Requirement: Nothing in the copy should be a picture; everything else in the listing is to be restated exactly.

Stored data:

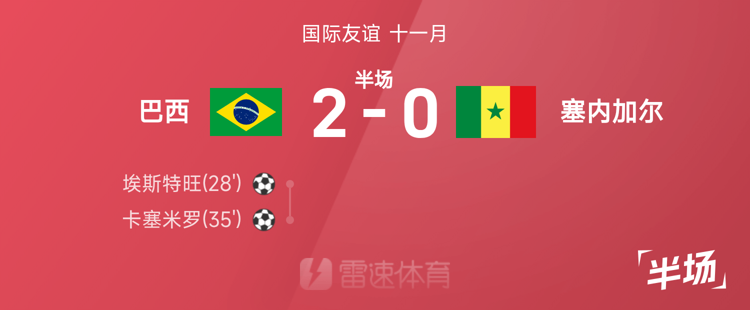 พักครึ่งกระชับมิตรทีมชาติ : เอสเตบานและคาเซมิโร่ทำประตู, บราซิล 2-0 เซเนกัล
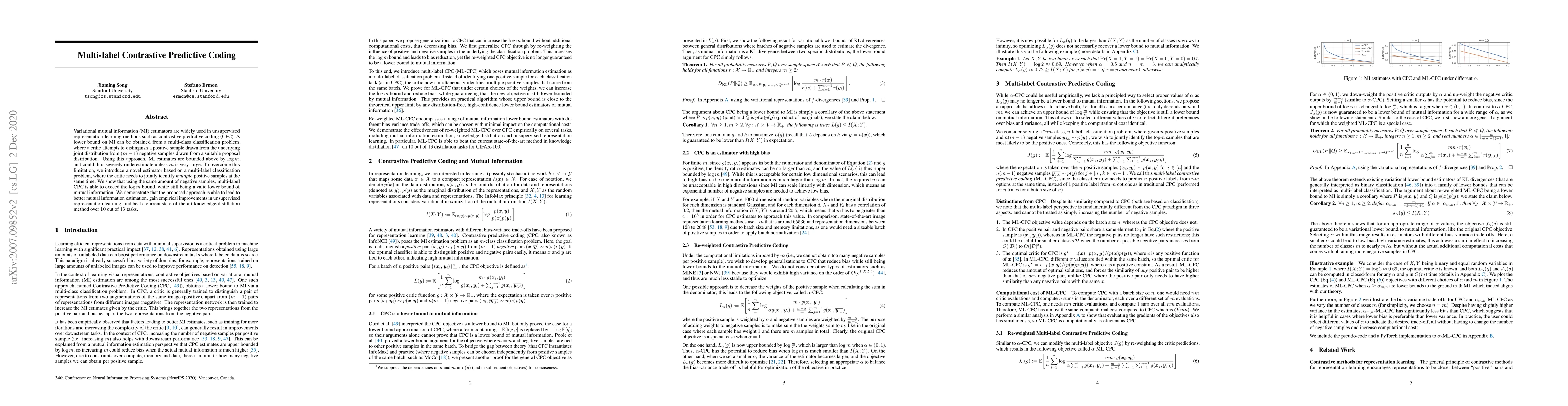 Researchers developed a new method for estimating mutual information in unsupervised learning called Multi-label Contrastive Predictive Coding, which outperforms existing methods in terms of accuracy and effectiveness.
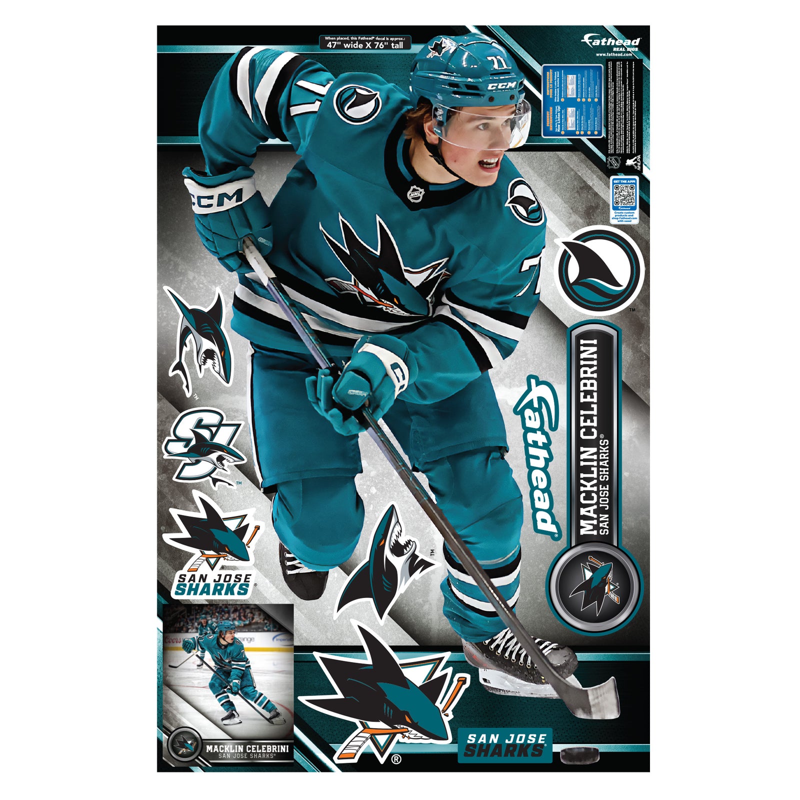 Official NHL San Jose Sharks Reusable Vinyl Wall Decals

Response:
 พักครึ่งกระชับมิตรทีมชาติ : เอสเตบานและคาเซมิโร่ทำประตู, บราซิล 2-0 เซเนกัล
 Researchers developed a new method for estimating mutual information in unsupervised learning called Multi-label Contrastive Predictive Coding, which outperforms existing methods in terms of accuracy and effectiveness.
 Official NHL San Jose Sharks Reusable Vinyl Wall Decals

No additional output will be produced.